Your task is to filter the entries and copy every line containing the string "Made".

Segment Start: GIVEN RECORDS

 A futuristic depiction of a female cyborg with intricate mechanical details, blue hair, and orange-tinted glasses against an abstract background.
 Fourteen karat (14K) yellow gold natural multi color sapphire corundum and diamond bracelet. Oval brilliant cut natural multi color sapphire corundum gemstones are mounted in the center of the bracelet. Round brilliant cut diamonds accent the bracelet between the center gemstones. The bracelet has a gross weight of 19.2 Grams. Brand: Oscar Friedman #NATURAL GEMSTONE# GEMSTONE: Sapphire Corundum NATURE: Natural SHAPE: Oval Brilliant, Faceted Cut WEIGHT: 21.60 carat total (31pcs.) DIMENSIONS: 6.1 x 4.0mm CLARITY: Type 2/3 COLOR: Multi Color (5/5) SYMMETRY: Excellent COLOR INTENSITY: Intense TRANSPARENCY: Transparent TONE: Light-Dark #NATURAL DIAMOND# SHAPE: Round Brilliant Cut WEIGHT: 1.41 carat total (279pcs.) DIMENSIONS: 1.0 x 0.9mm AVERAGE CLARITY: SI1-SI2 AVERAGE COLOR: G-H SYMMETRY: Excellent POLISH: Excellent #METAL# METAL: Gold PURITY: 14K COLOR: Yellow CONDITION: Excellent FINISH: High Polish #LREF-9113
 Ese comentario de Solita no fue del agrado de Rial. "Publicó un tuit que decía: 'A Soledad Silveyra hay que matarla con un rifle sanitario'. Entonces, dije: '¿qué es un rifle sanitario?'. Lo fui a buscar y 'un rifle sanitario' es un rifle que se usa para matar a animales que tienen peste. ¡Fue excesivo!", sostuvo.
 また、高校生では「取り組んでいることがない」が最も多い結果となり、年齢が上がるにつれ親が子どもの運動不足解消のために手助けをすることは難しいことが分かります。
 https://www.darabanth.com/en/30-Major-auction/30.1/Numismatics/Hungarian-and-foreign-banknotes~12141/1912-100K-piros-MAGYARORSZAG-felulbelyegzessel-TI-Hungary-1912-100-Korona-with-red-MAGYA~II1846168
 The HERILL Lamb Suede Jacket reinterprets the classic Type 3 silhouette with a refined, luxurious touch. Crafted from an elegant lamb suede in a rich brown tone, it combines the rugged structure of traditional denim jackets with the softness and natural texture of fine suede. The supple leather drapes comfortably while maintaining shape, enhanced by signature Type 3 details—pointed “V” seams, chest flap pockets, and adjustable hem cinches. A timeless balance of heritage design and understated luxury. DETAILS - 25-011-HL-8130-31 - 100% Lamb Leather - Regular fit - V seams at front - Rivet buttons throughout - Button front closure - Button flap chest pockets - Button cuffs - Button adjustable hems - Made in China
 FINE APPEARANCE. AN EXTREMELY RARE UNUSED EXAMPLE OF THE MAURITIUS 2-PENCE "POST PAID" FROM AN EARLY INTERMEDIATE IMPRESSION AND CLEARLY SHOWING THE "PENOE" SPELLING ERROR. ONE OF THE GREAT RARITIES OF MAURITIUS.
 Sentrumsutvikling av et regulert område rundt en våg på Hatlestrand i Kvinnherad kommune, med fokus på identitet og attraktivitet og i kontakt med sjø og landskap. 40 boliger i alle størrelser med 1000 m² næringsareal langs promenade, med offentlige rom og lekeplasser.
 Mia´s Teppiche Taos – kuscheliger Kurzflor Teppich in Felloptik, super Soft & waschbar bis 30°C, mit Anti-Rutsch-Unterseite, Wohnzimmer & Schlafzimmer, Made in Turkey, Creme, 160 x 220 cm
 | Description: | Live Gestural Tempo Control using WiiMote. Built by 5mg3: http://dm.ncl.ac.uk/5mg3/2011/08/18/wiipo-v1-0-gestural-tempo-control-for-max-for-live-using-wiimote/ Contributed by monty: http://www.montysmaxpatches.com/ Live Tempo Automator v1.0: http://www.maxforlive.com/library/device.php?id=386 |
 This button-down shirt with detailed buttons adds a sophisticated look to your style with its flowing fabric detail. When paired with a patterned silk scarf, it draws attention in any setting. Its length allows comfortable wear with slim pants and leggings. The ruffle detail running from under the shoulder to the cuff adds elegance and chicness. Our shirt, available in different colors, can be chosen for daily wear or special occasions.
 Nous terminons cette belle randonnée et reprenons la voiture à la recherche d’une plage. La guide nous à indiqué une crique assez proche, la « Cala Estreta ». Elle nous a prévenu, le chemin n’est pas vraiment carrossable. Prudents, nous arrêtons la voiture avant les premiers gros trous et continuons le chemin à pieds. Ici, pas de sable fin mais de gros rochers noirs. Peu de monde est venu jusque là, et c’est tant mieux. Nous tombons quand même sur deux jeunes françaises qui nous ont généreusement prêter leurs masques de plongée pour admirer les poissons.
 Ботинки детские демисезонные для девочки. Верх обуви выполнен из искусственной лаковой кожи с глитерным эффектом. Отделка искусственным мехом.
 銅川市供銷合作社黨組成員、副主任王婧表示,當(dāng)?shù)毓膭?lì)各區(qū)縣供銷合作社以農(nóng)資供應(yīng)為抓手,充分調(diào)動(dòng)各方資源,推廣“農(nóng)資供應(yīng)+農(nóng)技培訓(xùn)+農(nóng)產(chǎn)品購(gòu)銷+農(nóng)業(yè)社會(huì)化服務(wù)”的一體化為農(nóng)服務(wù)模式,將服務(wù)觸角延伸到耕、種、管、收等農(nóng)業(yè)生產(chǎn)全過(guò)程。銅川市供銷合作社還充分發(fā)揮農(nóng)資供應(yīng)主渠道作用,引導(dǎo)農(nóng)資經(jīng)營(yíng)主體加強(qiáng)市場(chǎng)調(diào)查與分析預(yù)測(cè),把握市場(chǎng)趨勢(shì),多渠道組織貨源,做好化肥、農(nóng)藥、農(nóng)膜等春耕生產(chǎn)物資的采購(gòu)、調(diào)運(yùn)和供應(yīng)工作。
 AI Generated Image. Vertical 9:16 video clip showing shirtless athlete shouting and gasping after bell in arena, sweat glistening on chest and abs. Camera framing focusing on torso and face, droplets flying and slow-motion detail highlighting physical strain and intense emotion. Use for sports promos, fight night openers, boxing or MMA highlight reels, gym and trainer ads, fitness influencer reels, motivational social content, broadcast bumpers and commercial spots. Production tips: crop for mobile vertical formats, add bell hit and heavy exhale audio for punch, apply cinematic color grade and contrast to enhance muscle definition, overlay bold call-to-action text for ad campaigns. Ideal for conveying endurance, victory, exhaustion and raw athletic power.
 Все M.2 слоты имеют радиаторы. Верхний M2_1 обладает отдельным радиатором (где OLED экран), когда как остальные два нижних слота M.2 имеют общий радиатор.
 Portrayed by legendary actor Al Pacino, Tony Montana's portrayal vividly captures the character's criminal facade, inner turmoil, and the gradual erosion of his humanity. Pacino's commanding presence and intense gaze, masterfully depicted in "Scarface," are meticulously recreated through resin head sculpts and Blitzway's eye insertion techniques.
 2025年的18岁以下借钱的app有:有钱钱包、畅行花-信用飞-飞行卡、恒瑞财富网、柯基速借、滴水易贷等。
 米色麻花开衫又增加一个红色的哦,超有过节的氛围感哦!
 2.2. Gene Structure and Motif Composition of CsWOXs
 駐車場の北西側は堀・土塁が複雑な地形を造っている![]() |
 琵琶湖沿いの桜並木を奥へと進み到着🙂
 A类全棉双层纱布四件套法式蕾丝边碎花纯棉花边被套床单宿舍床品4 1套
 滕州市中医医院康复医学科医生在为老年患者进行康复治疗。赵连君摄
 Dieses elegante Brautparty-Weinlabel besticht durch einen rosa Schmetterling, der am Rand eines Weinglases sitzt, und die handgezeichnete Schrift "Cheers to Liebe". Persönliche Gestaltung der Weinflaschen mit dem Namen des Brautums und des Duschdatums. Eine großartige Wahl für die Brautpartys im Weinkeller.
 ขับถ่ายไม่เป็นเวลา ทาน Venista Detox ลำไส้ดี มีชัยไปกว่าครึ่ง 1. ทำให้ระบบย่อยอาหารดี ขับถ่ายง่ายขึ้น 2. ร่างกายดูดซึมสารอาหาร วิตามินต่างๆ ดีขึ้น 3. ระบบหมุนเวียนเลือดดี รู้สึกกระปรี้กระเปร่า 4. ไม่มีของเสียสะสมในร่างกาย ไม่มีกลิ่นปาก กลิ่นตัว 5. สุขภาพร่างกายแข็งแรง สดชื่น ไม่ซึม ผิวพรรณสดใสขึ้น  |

Segment End: GIVEN RECORDS

● **TASK SOLUTION**:
 The HERILL Lamb Suede Jacket reinterprets the classic Type 3 silhouette with a refined, luxurious touch. Crafted from an elegant lamb suede in a rich brown tone, it combines the rugged structure of traditional denim jackets with the softness and natural texture of fine suede. The supple leather drapes comfortably while maintaining shape, enhanced by signature Type 3 details—pointed “V” seams, chest flap pockets, and adjustable hem cinches. A timeless balance of heritage design and understated luxury. DETAILS - 25-011-HL-8130-31 - 100% Lamb Leather - Regular fit - V seams at front - Rivet buttons throughout - Button front closure - Button flap chest pockets - Button cuffs - Button adjustable hems - Made in China
 Mia´s Teppiche Taos – kuscheliger Kurzflor Teppich in Felloptik, super Soft & waschbar bis 30°C, mit Anti-Rutsch-Unterseite, Wohnzimmer & Schlafzimmer, Made in Turkey, Creme, 160 x 220 cm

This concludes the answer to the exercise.